A couple's questionable car park antics have been captured and shared online on Sunday, with absolutely no one supporting their approach to securing a car parking space.
TikToker Grace Pene filmed a woman standing in front of a parking space at Southport on the Gold Coast, reserving the park for her male accomplice by physically standing and blocking another person who was trying to drive into it.
"She can't do that, there's another car park right up there," Grace exclaims in the background while watching the run-in unfold from a unit above.
The two people can be seen having a heated debate, with the woman in the red car trying to park and getting out to confront the woman in black who is trying to stand in the space to reserve it. After an ongoing back and forth, and a long honk of the car horn, a man in a white cap arrived to help block the red car trying to get in to what should have been a free space. The woman in the red car, outnumbered, eventually gives up and drives away.

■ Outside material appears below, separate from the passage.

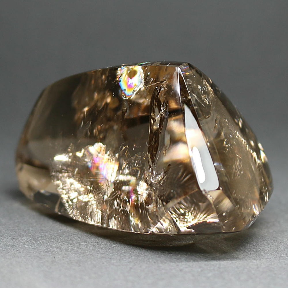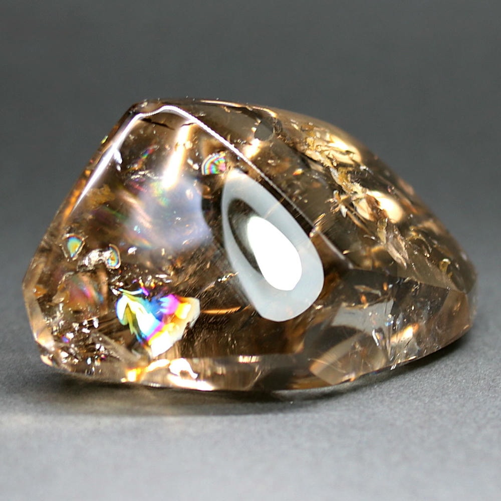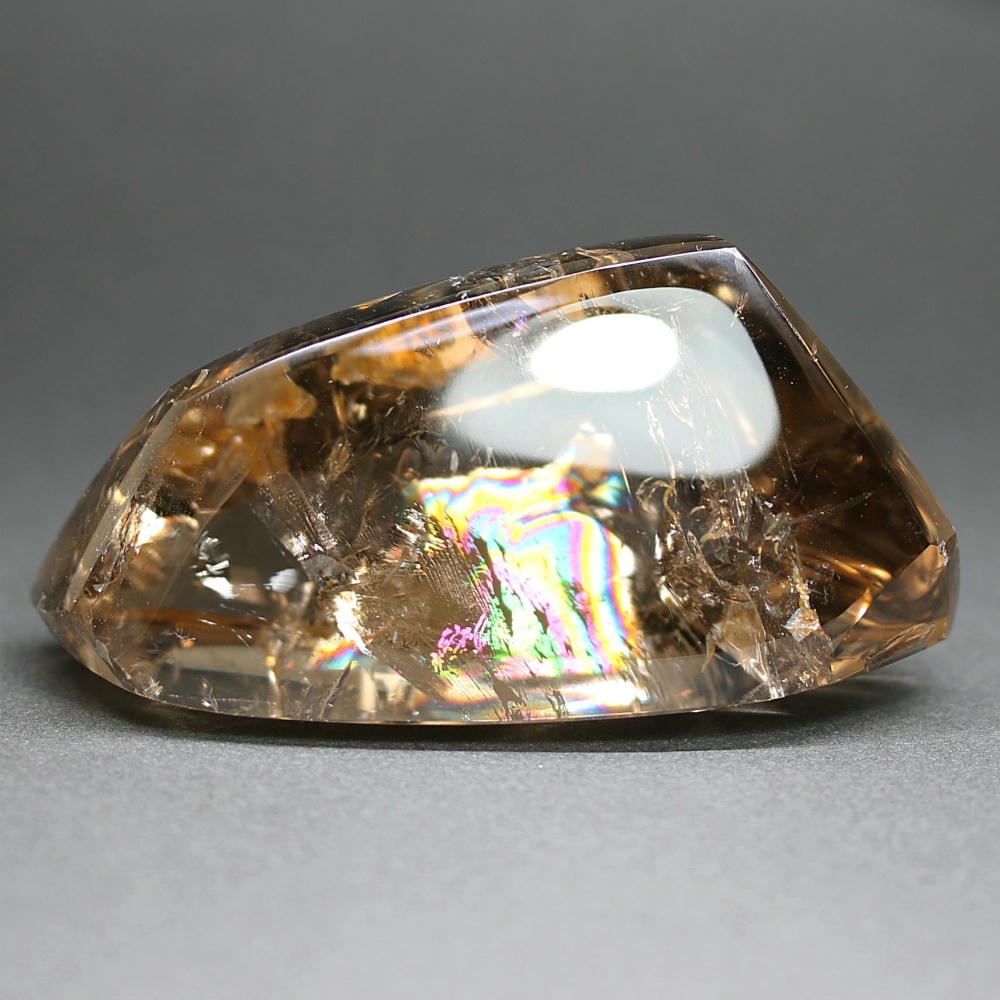 特にご覧のお品は、程良い色合いのスモーキークォーツ(煙水晶)となっており、レインボーとの美しいコントラストをお楽しみいただけます。

Most drivers would have stood their ground
Pedestrians physically reserving public car spaces is not unheard of, though it's an act criticised heavily by the majority of Aussies who say they would never back down.
"She's admitting defeat, oh my god that's insane," Grace said in the video, shocked that the woman in the red car gave in, leaving the park to the couple who were trying to reserve it.
"You can bet your ass I would’ve sat in that car all day until she moved," replied a commenter.
"I would die before I let that lady take the park for someone else," agreed another.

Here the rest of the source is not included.